— Directions —
Only the lines from the one with "We sat on the" through the last line of the material below belong in the answer, copied exactly and without pictures.
─── Material provided ───
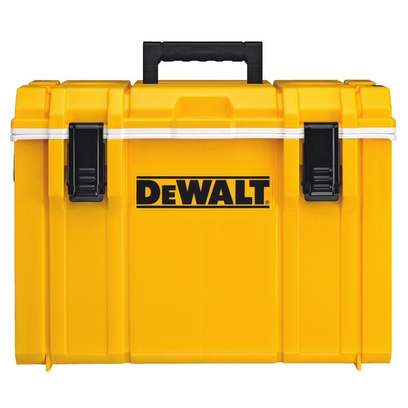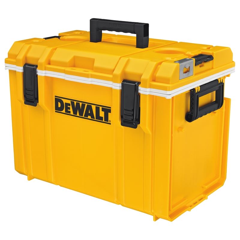 With extensive storage space of 27 quarts, 5 days ice retention, and IP65 rating for protection against water and dust, this DEWALT ® ToughSystem ® Cooler keeps beverages ice-cold and refreshing, no matter the external conditions. The cooler can be stacked to any other ToughSystem ® module using the side latches, and is compatible with the ToughSystem Trolley, our Van Racking, and Workshop Racking for ultimate stability and security during transit.
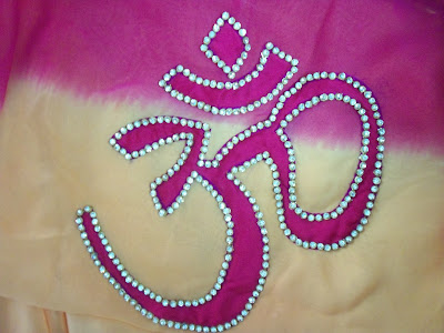 'Om' Symbol appliqued on a georgette fabric and outlined with crystals
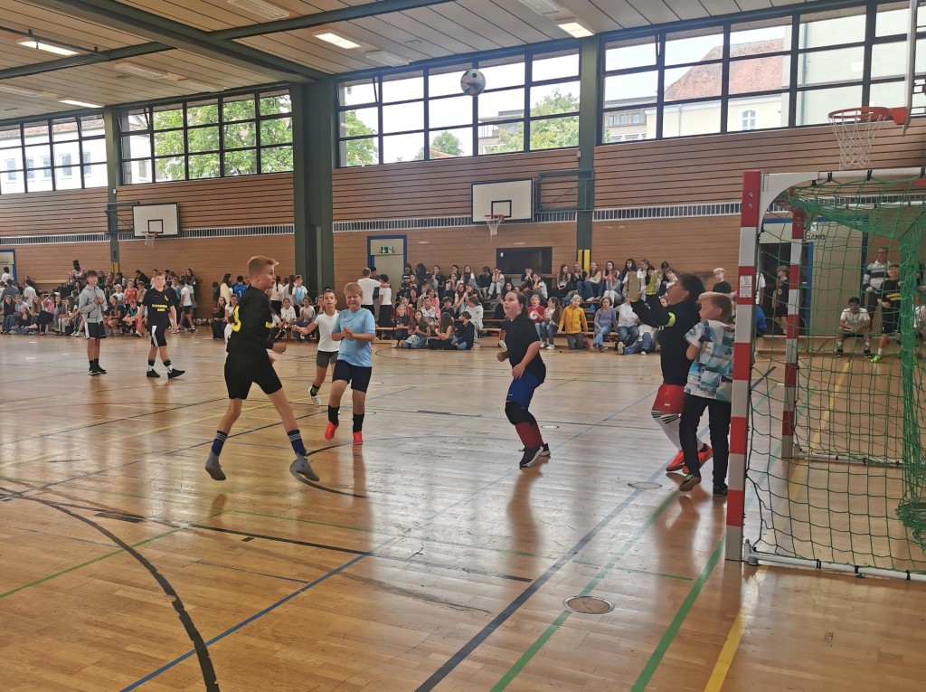 Beim Fußballturnier der 5. bis 7. Klassen am RWG ging’s ordentlich zur Sache – mit lautstarker Unterstützung von den Tribünen.
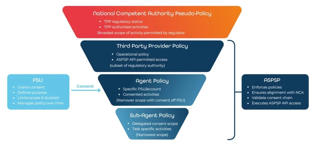 Agentic consent models must therefore bridge the gap between the regulatory pseudo-policy defined by the national competent authority and the executable consent policies enforced by the ASPSP’s authorisation infrastructure.
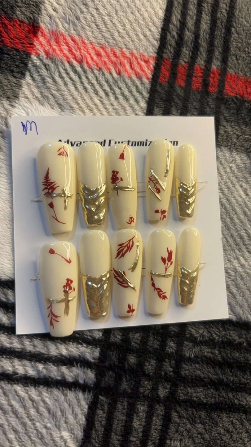 Set of 10 press on nails with gold and red detail. They are long coffin shaped and fit a medium sized hand. Brand new with Accessories Press on Stickers and Filer
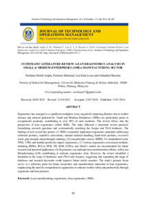 Mohd Aripin, Norhana and Mahmud, Fatimah and Loon, Lee Khai and Hussain, Suhaidah (2024) Systematic Literature Review: Lean Ergonomics Analysis in Small & Medium Enterprises (SMEs) Manufacturing Sector. Journal of Technology and Operations Management (JTOM), 19 (1). pp. 89-108. ISSN 2590-4175
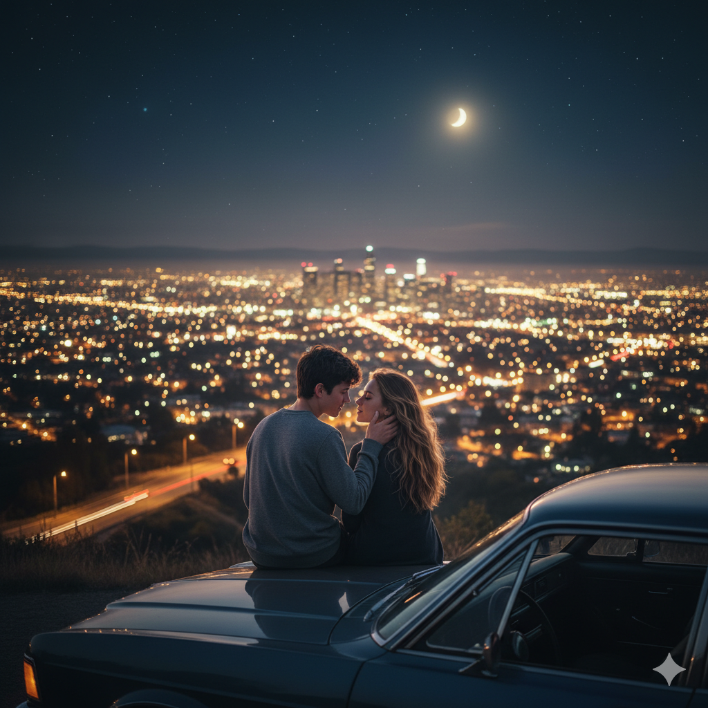 We sat on the bonnet of his car, shoulders brushing. He told me about his dreams, and for the first time I let myself speak mine out loud too. The air between us grew quiet, heavy but warm. When he leaned closer, I froze for a second, then closed my eyes.
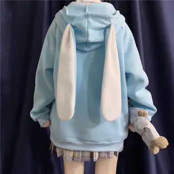 HOUZHOU Korean Style Women Hoodies Spring 2020 Fashion Kawaii Rabbit Ears Sweatshirt Long Sleeve Loose Embroidery Zip Up Hoodie
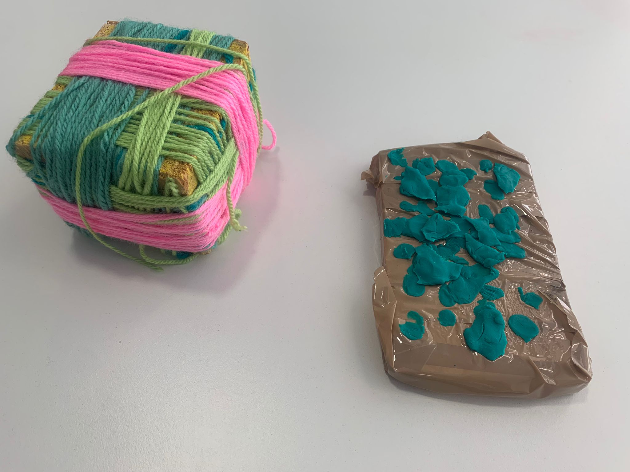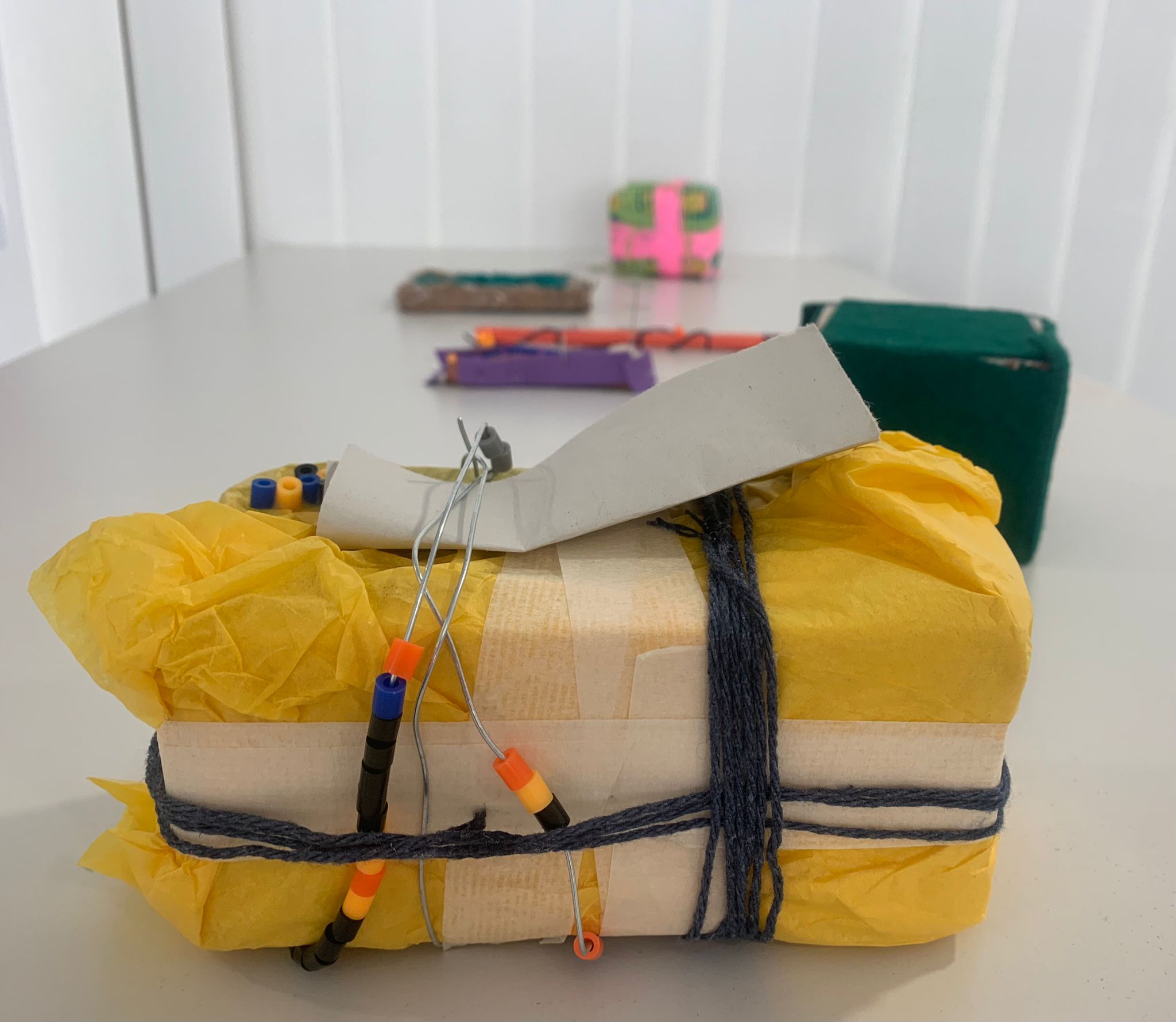 La expresión de rodear las cajas con cuerdas finas y textil, el recurso de lo pequeño en comparación con lo voluminoso, con materiales básicos, lo interpretable responde a una manifestación subjetiva del autor.
───
— Answer area —
 We sat on the bonnet of his car, shoulders brushing. He told me about his dreams, and for the first time I let myself speak mine out loud too. The air between us grew quiet, heavy but warm. When he leaned closer, I froze for a second, then closed my eyes.
 HOUZHOU Korean Style Women Hoodies Spring 2020 Fashion Kawaii Rabbit Ears Sweatshirt Long Sleeve Loose Embroidery Zip Up Hoodie
 La expresión de rodear las cajas con cuerdas finas y textil, el recurso de lo pequeño en comparación con lo voluminoso, con materiales básicos, lo interpretable responde a una manifestación subjetiva del autor.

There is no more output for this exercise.